We realise that the above may be too much (or not enough) information if you have never thought of data and research in a more systematic way. If you are curious or want to know more, explore research methods here and here.

One of the major dangers in looking at student engagement patterns, for example, and then considering whether learners who participate more in online discussions also have a higher pass rate is that we will confuse causation and correlation.[2] Causation refers to a cause-and- effect relationship, such as a stone thrown in a pool of water causing the water to ripple outward. There is a direct link between throwing the stone into the water and the stone’s impact on the water causing ripples. It is important to note that causation implies there is no alternative explanation for why there are ripples in the water; they arise specifically because someone has thrown a stone into the water.

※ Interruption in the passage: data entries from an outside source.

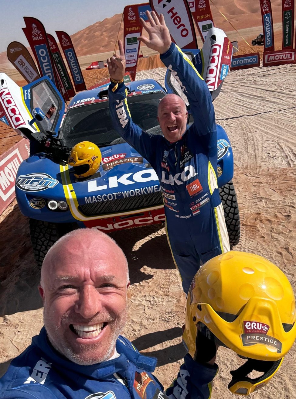 De problemen waren echter nog niet voorbij. "We stonden al klaar met de sleepkabel, dus we kregen de auto eruit, maar het bodywork lag nog even vierhonderd meter verderop. Dat moesten we nog even ophalen en erop zetten. Uiteindelijk zijn we de duinen opgeklommen met Tim en het bodywork en zijn we weer verder gegaan met samengeknepen billen, omdat de startmotor stuk was. Als de motor afslaat en je de startmotor niet kan gebruiken, kan je ook de jacks niet gebruiken. Dan ben je de lul. Uiteindelijk hadden we het goed voor elkaar en goed geregeld. Wauw... wat een dagen. The Empty Quarter, we did it! Ik ga douchen en scheren. Ik ben er even helemaal klaar mee."
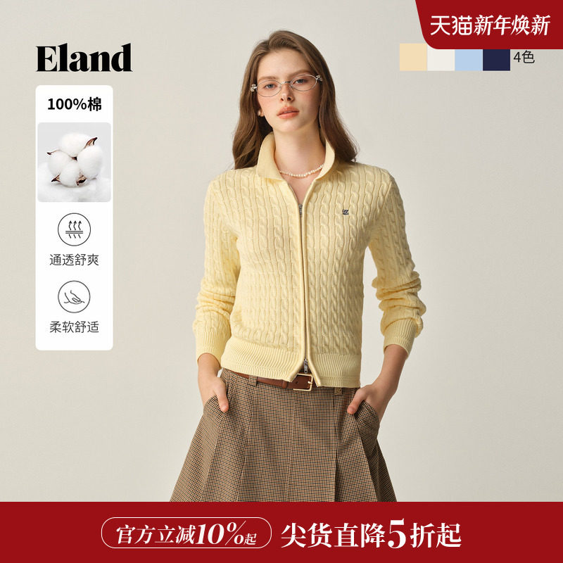 【100%棉】Eland衣恋毛针织衫女拉链开衫休闲毛衣2025冬季新款
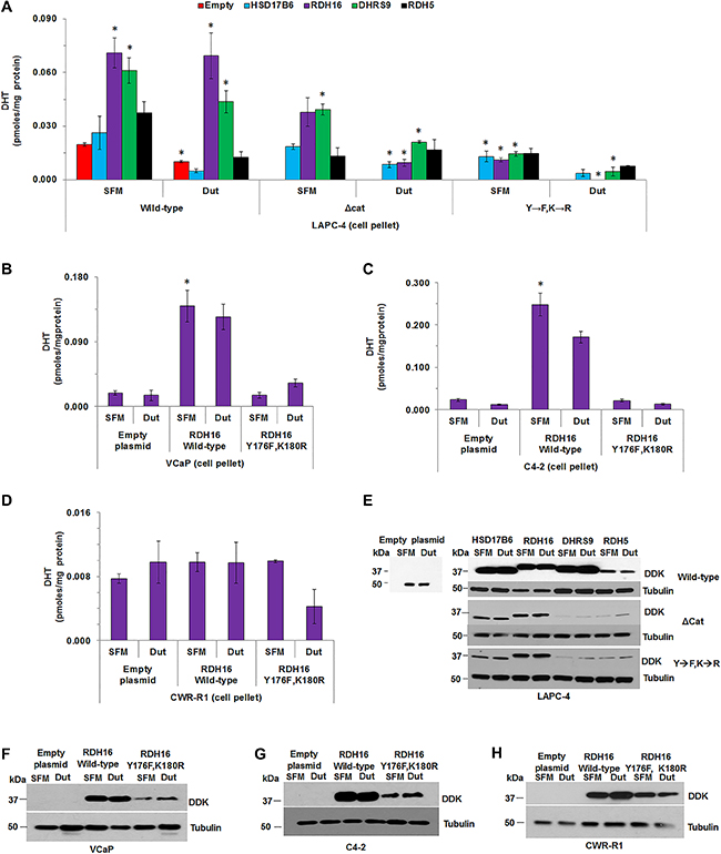 Figure 6: The combination of dutasteride and 3α-oxidoreductase mutants decreased DHT levels greater than dutasteride alone. The effect of dutasteride on DHT levels was determined in LAPC-4 cells that transiently overexpressed wild-type, Δcat or Y→F, K→R enzymes. (A) DHT levels were measured in VCaP, C4-2 and CWR-R1 cells transfected with empty plasmid or over-expressing plasmids of wild-type RDH16 or RDH16 Y176F,K180R (B–D). Western blot analysis using DDK antibody confirmed transiently expressed enzymes in LAPC-4, VCaP, C4-2 and CWR-R1 (E–H). Western blot images were cropped to conserve presentation space. Data were presented as mean +/- SEM. DHT was modeled as a function of treatment (dutasteride or SFM), enzyme (HSD17B6, RDH16, DHRS9 or RDH5) or empty plasmid, and plasmid type (wild-type, Δcat or Y→F, K→R) using a GLM. Mean DHT levels were compared between dutasteride and SFM treated LAPC-4 cells using one-sided Tukey-Kramer adjusted tests about the least-square means. Mean levels were compared among LAPC-4 cells that expressed HSD17B6, RDH16, DHRS9 or RDH5, or empty plasmid, for each 3α-oxidoreductase-treatment combination using Tukey-Kramer adjusted tests about the least square means. P-values were reported in Supplementary Table 10. *p < 0.05.

Correlation is when we see the ripples in the water, but we have not seen anyone throw a stone in the water; there are kids playing close by, but there are also fish coming to the surface, frogs who may have jumped into the water, and insects who may have landed on it. You cannot be sure which one of those caused the ripples in the water, but you can say there is a possible correlation between seeing ripples in the water and having one or more of those other circumstances occurring at the same time.

Let us now consider causation and correlation in teachers’ attempts to improve learners’ chances of success. One teacher may believe it is the extra classes he provides that are making the difference. Another teacher believes learners’ marks have improved since she started to use a particular technology in the classroom. Teachers often believe that whatever strategy they employed has caused the change. They frequently report on the effectiveness of particular strategies by indicating learners’ performance before the intervention, describing the intervention, and then presenting measurements of the learners’ performance after the intervention. If there is an improvement in learners’ performance, these teachers claim their strategy caused the improvement.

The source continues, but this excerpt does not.